Eddie almost feels guilty, basking in his joy when Steve was sinking into something else. He thinks, if he were a kid still, if he hadn't died, hadn't lost everything and managed to get it all back, he'd be angry. But he's not. He's not, and he did, and it's late and this is new—but it's not unfamiliar. The same, but more, an extra free scoop with whipped cream and sprinkles, a cherry on top.
"You trust me?" Eddie asks. He rubs his thumb along Steve's knuckles, feels the scars under his skin, little tears in someone so perfect.
"Of course," Steve croaks. Eddie can't look at him, because the road is dark and narrow and winding, and he has to get his boy home safe.

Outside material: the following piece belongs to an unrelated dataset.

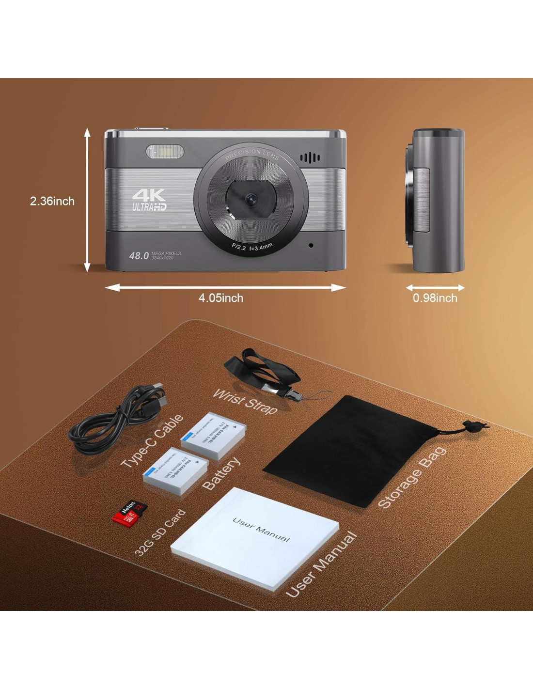 - Creación de Video 4K La cámara digital puede grabar video 4K/30fps de manera fluida, soporta funciones de lapso de tiempo y cámara lenta, brindándote una rica experiencia para grabar vlogs. Además, la cámara digital compacta 4K para fotografía puede usarse como una webcam, puedes chatear por video con familiares o amigos, así como hacer transmisiones en vivo en YouTube, Facebook, Twitter u otras redes sociales. Perfecta para que los adolescentes la lleven a campamentos de verano o a la escuela para grabar su vida.

"And I trust you," Eddie says, brings Steve's hand up, presses a kiss like a seal to his skin. "And I love you, and you love me. I got you."
Steve's quiet for a long, long moment. Eddie can tell he's watching him, so he presses another kiss to Steve's hand, lets his lips linger on hard tendons and dark veins. Kisses in his promises to the place they're linked together.
When he speaks again, it's soft, and Eddie can hear the love, living and leaving in the air between Steve's teeth.
"Okay," he says, giving Eddie everything. "You got me."